Segment Start: Data extracts

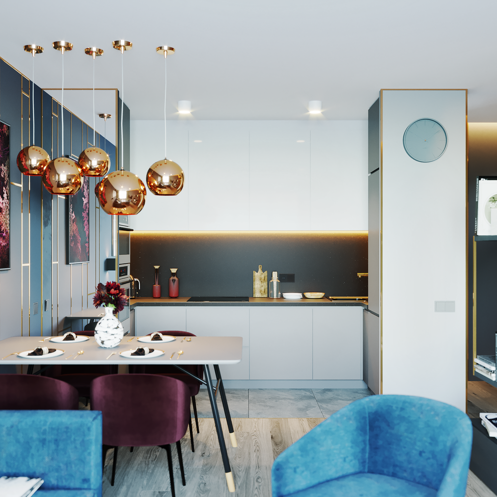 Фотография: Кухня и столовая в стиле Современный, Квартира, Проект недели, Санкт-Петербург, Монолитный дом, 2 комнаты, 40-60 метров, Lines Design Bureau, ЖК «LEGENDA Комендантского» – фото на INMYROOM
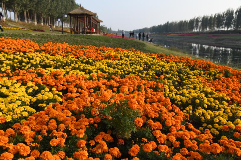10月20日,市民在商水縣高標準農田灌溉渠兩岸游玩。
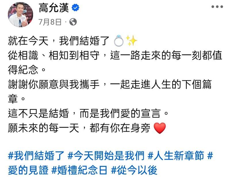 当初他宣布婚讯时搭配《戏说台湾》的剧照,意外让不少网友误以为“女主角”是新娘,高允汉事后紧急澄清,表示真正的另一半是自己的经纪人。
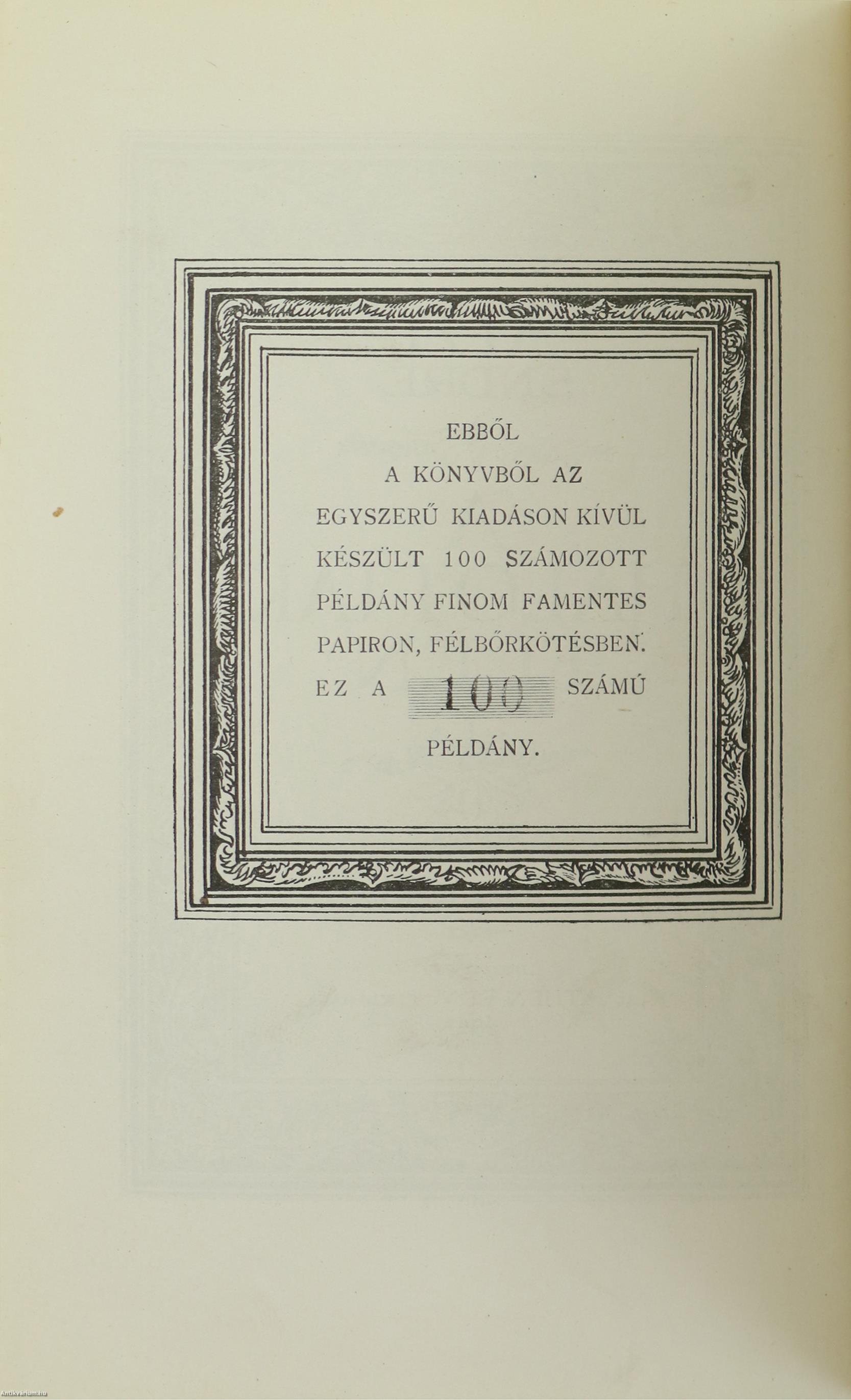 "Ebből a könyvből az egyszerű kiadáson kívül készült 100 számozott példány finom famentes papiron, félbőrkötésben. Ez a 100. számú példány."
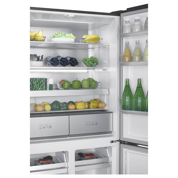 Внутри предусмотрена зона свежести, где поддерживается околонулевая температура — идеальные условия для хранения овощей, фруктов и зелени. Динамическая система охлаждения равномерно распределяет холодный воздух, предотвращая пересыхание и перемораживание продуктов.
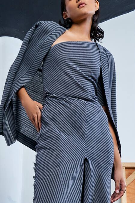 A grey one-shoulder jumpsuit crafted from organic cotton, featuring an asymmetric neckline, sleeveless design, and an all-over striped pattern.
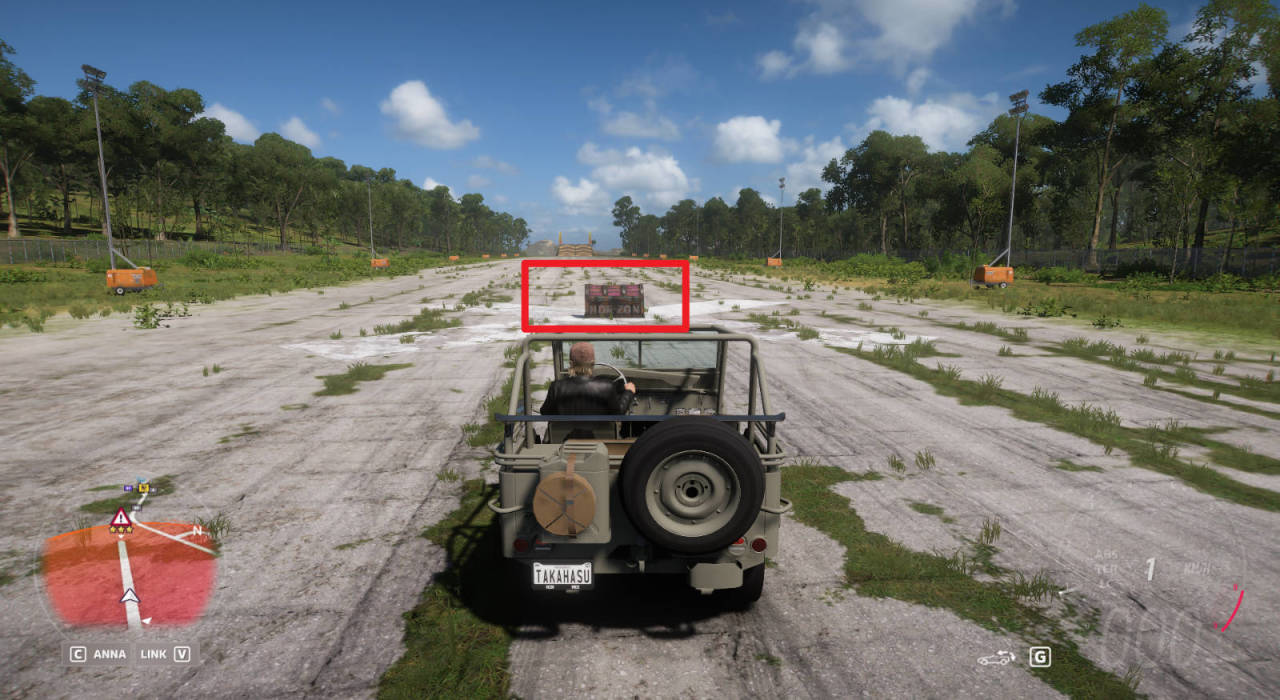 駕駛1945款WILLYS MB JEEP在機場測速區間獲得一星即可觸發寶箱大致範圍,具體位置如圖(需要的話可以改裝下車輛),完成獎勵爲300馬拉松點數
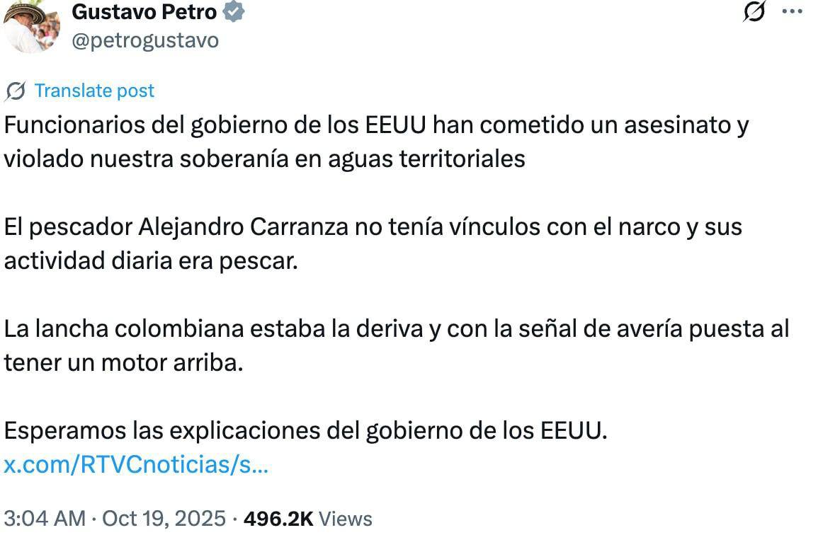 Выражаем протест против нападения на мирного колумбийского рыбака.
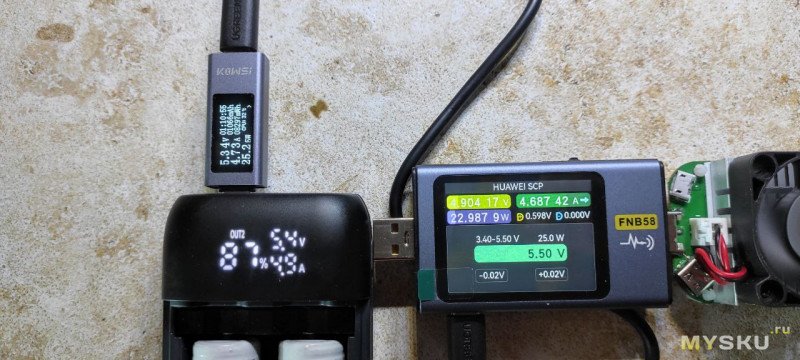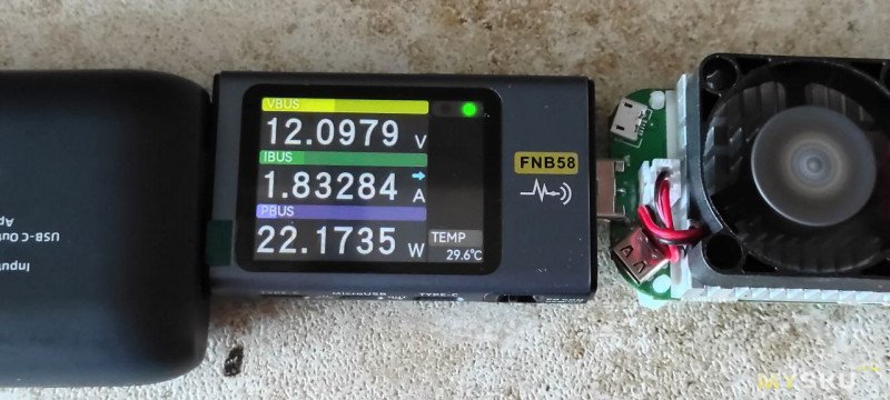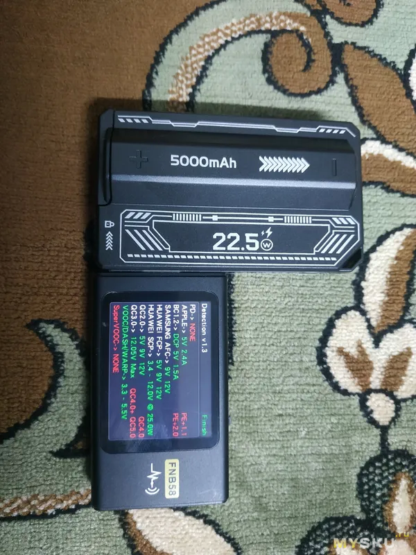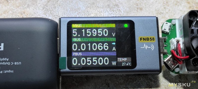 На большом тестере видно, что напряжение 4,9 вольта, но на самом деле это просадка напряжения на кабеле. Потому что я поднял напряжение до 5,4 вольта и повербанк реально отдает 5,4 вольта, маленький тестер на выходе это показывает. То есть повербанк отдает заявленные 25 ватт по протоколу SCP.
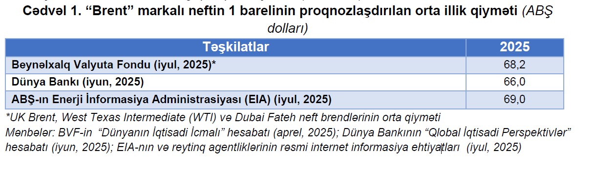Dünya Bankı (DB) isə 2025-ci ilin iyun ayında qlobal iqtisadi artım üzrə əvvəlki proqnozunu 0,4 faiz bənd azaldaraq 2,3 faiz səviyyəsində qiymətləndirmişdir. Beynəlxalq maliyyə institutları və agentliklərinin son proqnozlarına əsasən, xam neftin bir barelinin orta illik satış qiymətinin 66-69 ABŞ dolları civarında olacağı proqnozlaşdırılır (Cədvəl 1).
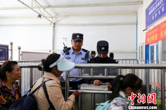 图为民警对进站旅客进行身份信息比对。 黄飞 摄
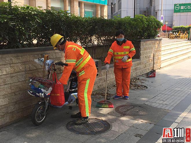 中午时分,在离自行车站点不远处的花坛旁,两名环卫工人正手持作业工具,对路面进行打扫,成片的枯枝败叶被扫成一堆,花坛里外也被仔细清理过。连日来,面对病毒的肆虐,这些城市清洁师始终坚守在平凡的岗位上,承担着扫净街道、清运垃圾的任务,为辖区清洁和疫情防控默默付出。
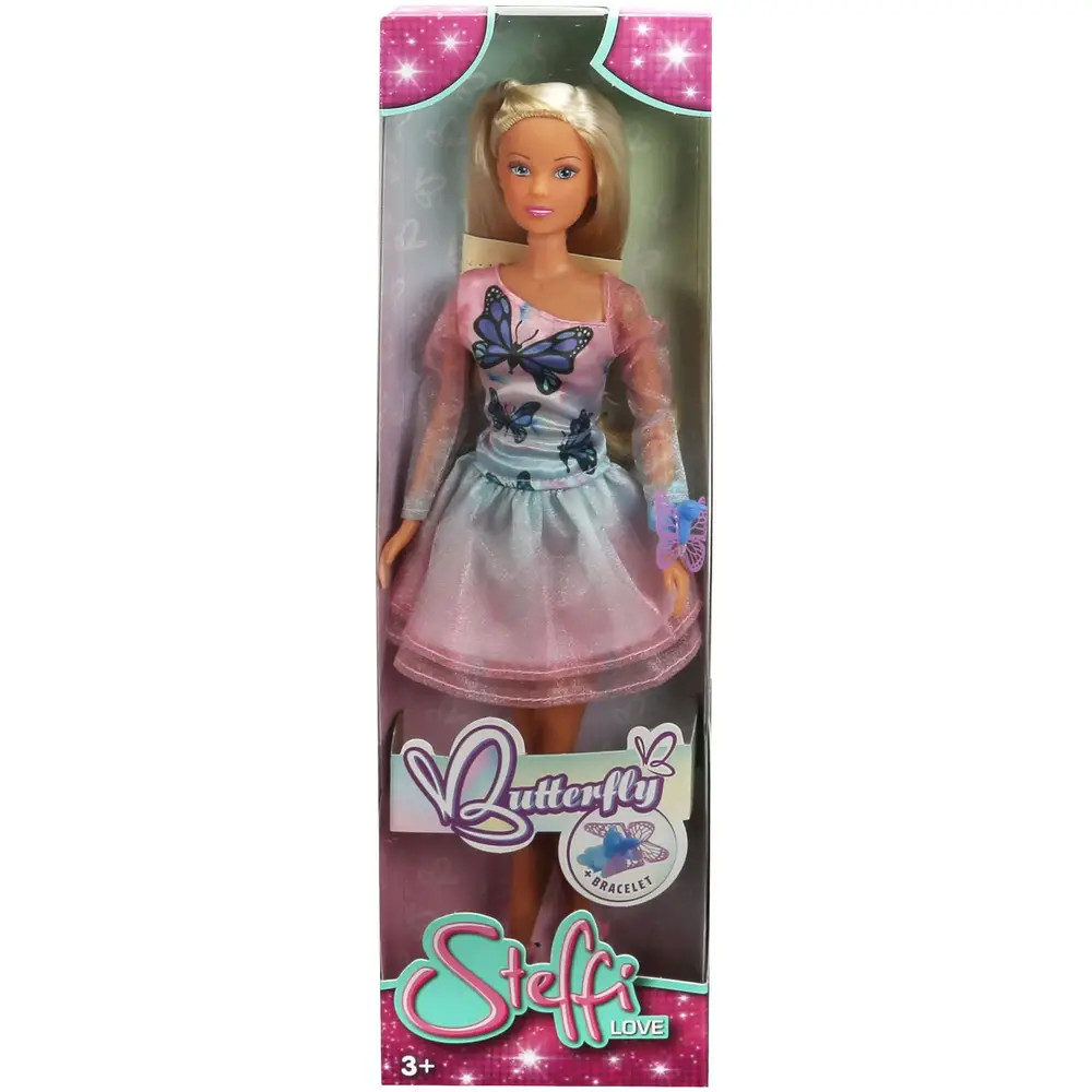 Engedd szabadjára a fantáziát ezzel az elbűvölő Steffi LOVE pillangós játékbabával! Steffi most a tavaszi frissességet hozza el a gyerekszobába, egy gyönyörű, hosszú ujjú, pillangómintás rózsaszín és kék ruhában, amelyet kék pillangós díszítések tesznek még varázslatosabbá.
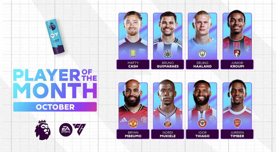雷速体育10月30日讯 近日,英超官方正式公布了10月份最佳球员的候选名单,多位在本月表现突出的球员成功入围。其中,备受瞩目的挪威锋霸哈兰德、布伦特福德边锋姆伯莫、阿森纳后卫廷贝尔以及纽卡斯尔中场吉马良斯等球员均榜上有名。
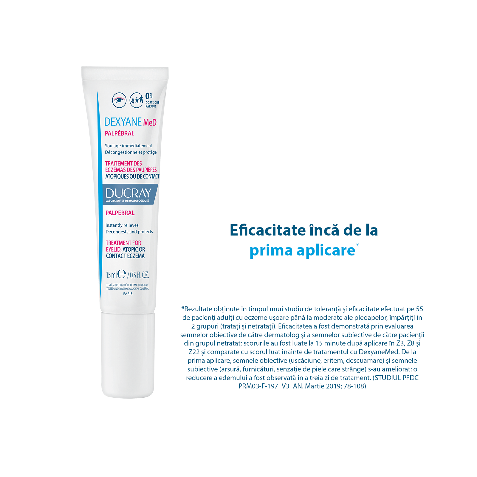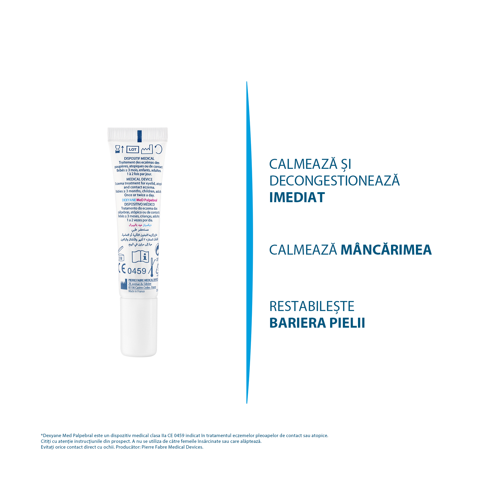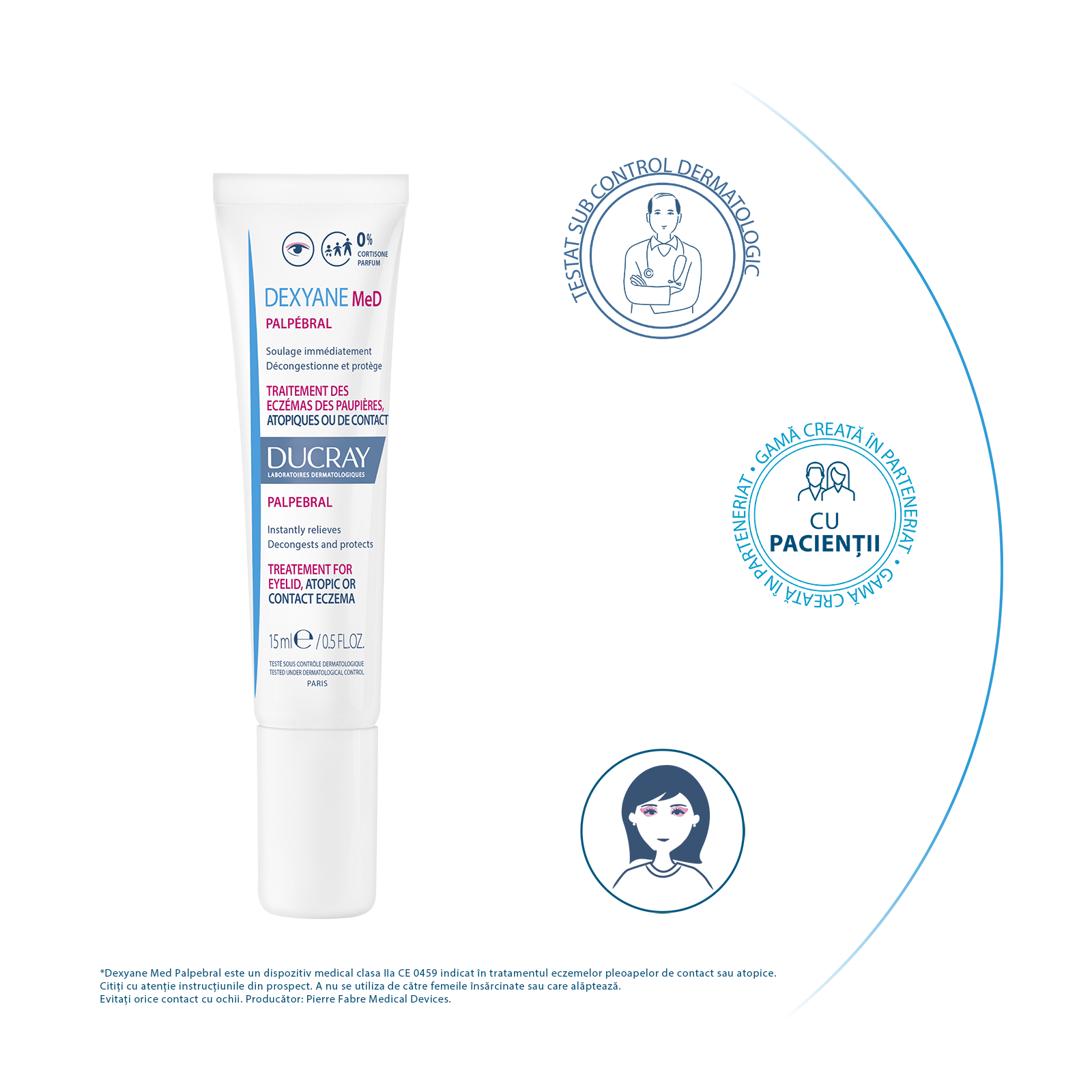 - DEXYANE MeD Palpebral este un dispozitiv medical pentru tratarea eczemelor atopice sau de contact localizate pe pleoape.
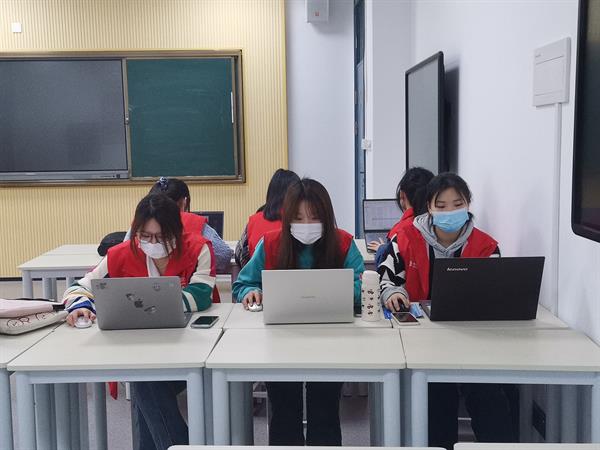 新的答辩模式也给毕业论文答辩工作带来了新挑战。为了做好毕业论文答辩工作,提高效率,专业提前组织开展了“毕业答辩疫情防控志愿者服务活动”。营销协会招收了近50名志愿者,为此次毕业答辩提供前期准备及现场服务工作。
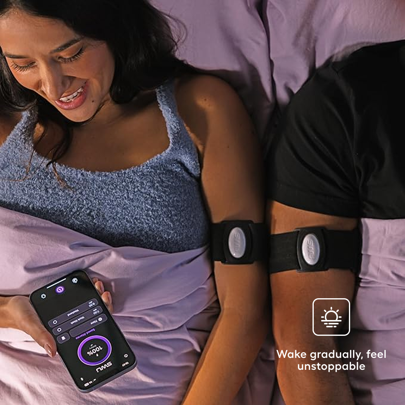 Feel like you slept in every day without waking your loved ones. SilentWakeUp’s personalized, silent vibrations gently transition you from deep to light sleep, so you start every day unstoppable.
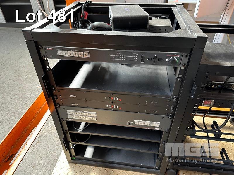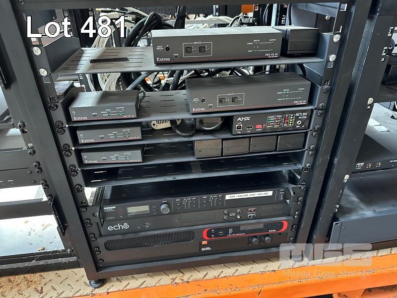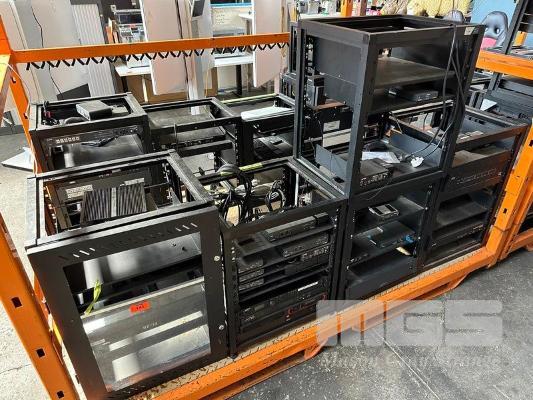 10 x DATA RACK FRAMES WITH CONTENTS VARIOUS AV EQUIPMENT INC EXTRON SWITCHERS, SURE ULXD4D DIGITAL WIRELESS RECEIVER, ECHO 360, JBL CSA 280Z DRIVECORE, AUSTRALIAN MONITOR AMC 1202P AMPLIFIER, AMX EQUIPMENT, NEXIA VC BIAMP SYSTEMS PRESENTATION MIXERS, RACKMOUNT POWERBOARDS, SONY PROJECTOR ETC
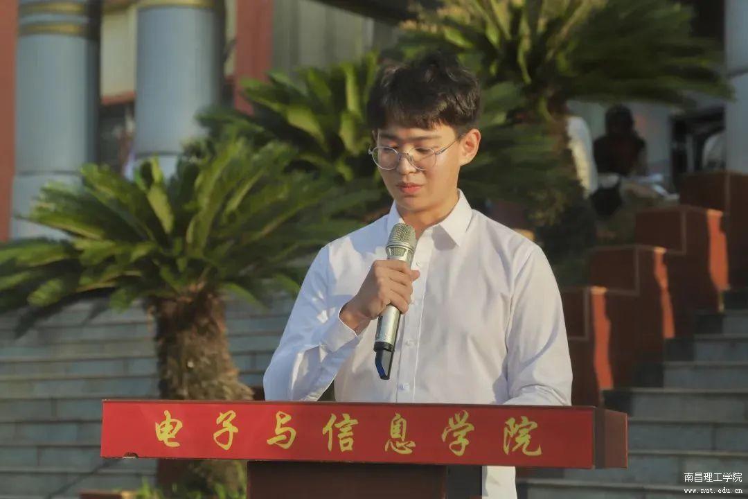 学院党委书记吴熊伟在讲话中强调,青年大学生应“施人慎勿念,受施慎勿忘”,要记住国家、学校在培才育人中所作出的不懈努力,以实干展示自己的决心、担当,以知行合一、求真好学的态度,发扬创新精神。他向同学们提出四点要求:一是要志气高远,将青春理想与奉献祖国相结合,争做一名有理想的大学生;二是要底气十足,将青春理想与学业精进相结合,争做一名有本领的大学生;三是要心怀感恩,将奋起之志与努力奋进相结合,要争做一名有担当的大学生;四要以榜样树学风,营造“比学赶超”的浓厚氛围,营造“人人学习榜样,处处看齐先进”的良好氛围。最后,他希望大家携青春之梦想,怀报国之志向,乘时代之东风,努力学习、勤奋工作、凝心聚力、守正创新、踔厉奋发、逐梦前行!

Segment End: Data extracts

### Exercise description
Please retype the lines from the one that contains "10 x DATA RACK" through the final line of the data, both included, without any pictures.

### Task solution
 10 x DATA RACK FRAMES WITH CONTENTS VARIOUS AV EQUIPMENT INC EXTRON SWITCHERS, SURE ULXD4D DIGITAL WIRELESS RECEIVER, ECHO 360, JBL CSA 280Z DRIVECORE, AUSTRALIAN MONITOR AMC 1202P AMPLIFIER, AMX EQUIPMENT, NEXIA VC BIAMP SYSTEMS PRESENTATION MIXERS, RACKMOUNT POWERBOARDS, SONY PROJECTOR ETC
 学院党委书记吴熊伟在讲话中强调,青年大学生应“施人慎勿念,受施慎勿忘”,要记住国家、学校在培才育人中所作出的不懈努力,以实干展示自己的决心、担当,以知行合一、求真好学的态度,发扬创新精神。他向同学们提出四点要求:一是要志气高远,将青春理想与奉献祖国相结合,争做一名有理想的大学生;二是要底气十足,将青春理想与学业精进相结合,争做一名有本领的大学生;三是要心怀感恩,将奋起之志与努力奋进相结合,要争做一名有担当的大学生;四要以榜样树学风,营造“比学赶超”的浓厚氛围,营造“人人学习榜样,处处看齐先进”的良好氛围。最后,他希望大家携青春之梦想,怀报国之志向,乘时代之东风,努力学习、勤奋工作、凝心聚力、守正创新、踔厉奋发、逐梦前行!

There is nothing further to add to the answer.